__PROBLEM TO SOLVE__. An exact copy of the data is required; the images should not appear in it.

__GIVEN MATERIAL__.
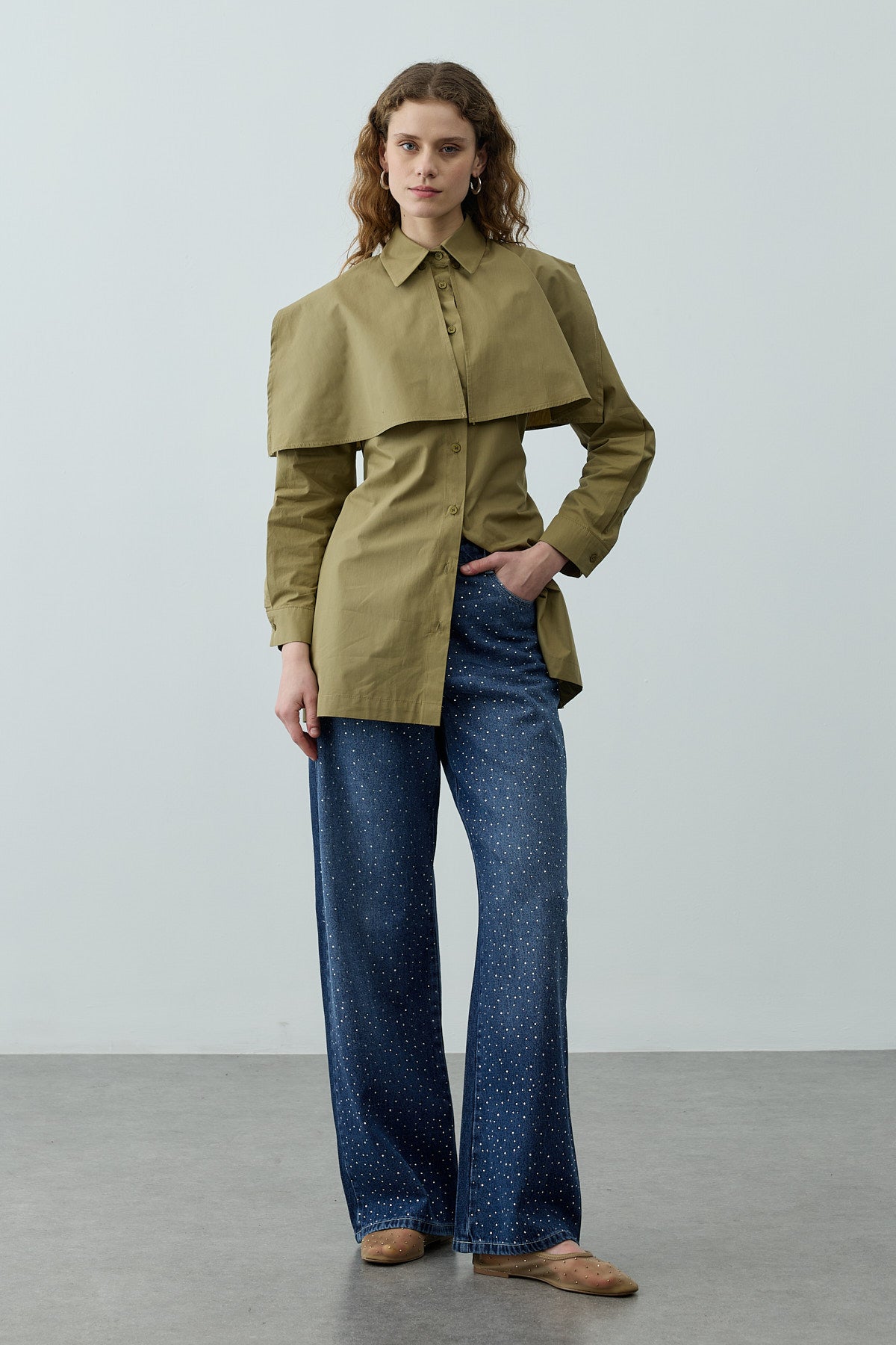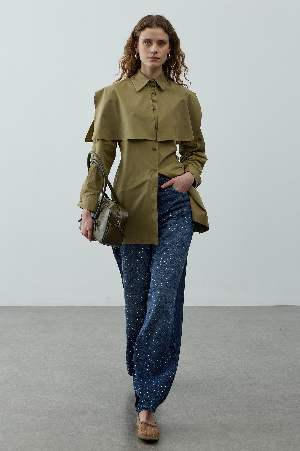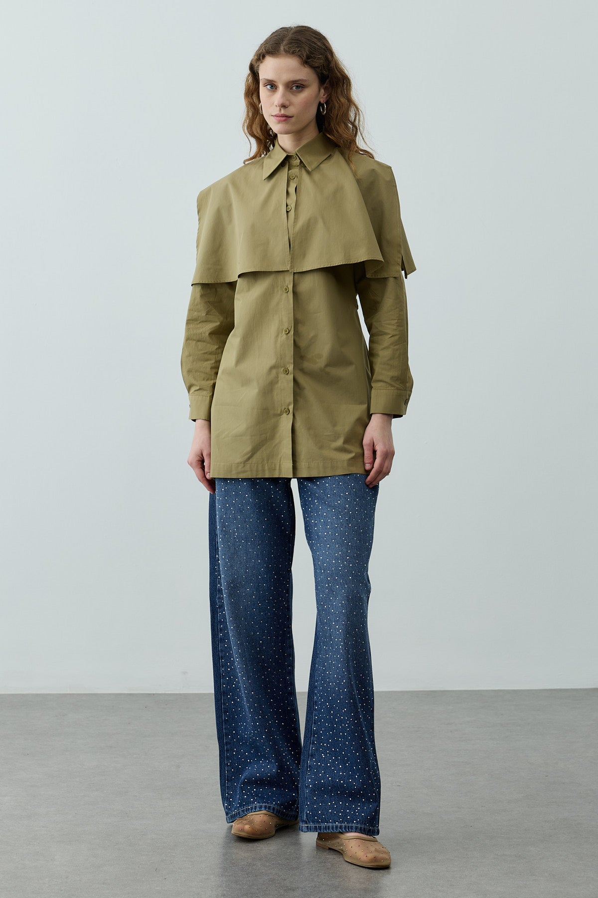 % 100 pamuk dokuma kumaştan, pensli kesimli, takılıp çıkartılabilir pelerinli,uzun kollu, manşetli , önü patlı, düğme kapamalı, ince köprülü, seyyar brit kemerli gömlek.
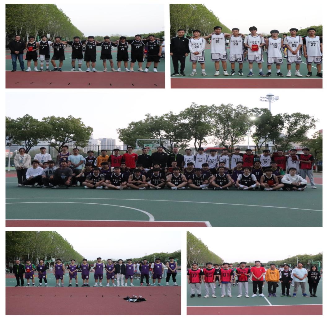 土木221、土木222、给排水221、工程22级闯入总决赛,土木222班与工程22级争夺冠亚军,土木221班与给排水221班争夺三四名,总决赛开始后,上半场的气氛急剧攀升,两场比赛的队员们很快就进入了角逐的状态,比分交替上升,比赛进行至下半场,赛况愈发激烈,土木222班31号球员连续几个三分球,率先拉开差距,最终夺得“新生杯”冠军,工程22级取得亚军。此外,土木221和给排水221分获三、四名。比赛结束后,在场教师为四支参赛队伍颁奖,并与球员合影留念,一起记录着赛场上的美好瞬间。
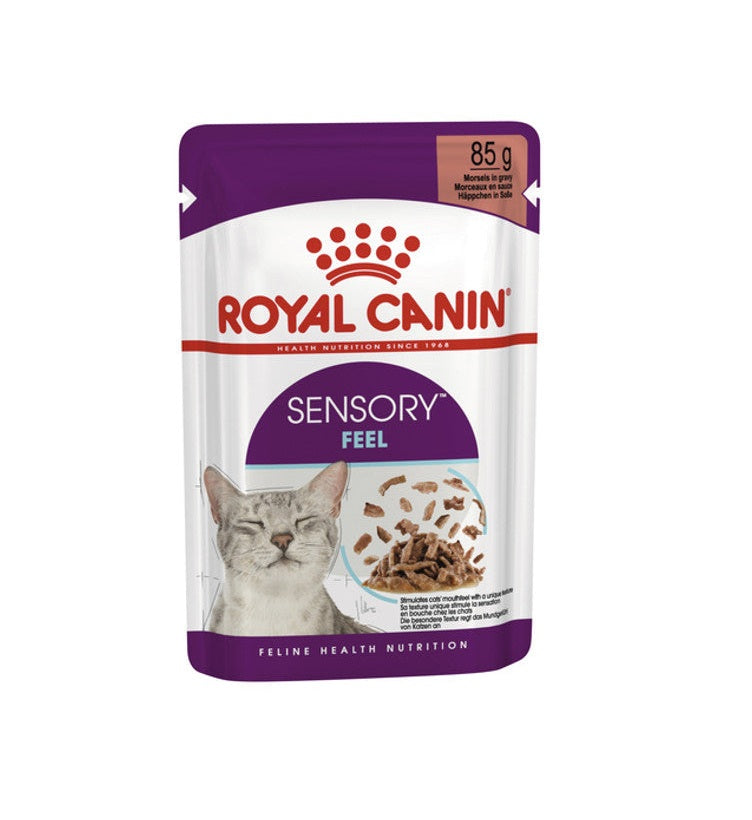 ROYAL CANIN Sensory Feel is a highly attractive formula with unique textures to help stimulate your cat's sense of mouthfeel (the sensation that food stimulates). Thanks to innovative manufacturing technology, Sensory Feel's mix of meaty chunks in gravy feature physical properties that provide textural sensations to both surprise and help stimulate your cat's sense of touch.
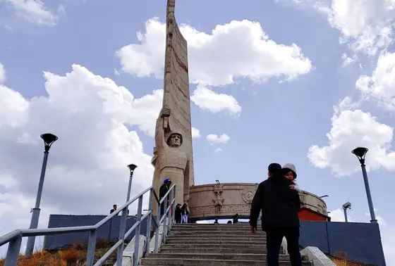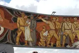 モンゴルとソ連の友好をイメージしたモザイク壁画に囲まれた展望台。頂上からはウランバートル市を一望できる。

__ANSWER SPACE__.
 % 100 pamuk dokuma kumaştan, pensli kesimli, takılıp çıkartılabilir pelerinli,uzun kollu, manşetli , önü patlı, düğme kapamalı, ince köprülü, seyyar brit kemerli gömlek.
 土木221、土木222、给排水221、工程22级闯入总决赛,土木222班与工程22级争夺冠亚军,土木221班与给排水221班争夺三四名,总决赛开始后,上半场的气氛急剧攀升,两场比赛的队员们很快就进入了角逐的状态,比分交替上升,比赛进行至下半场,赛况愈发激烈,土木222班31号球员连续几个三分球,率先拉开差距,最终夺得“新生杯”冠军,工程22级取得亚军。此外,土木221和给排水221分获三、四名。比赛结束后,在场教师为四支参赛队伍颁奖,并与球员合影留念,一起记录着赛场上的美好瞬间。
 ROYAL CANIN Sensory Feel is a highly attractive formula with unique textures to help stimulate your cat's sense of mouthfeel (the sensation that food stimulates). Thanks to innovative manufacturing technology, Sensory Feel's mix of meaty chunks in gravy feature physical properties that provide textural sensations to both surprise and help stimulate your cat's sense of touch.
 モンゴルとソ連の友好をイメージしたモザイク壁画に囲まれた展望台。頂上からはウランバートル市を一望できる。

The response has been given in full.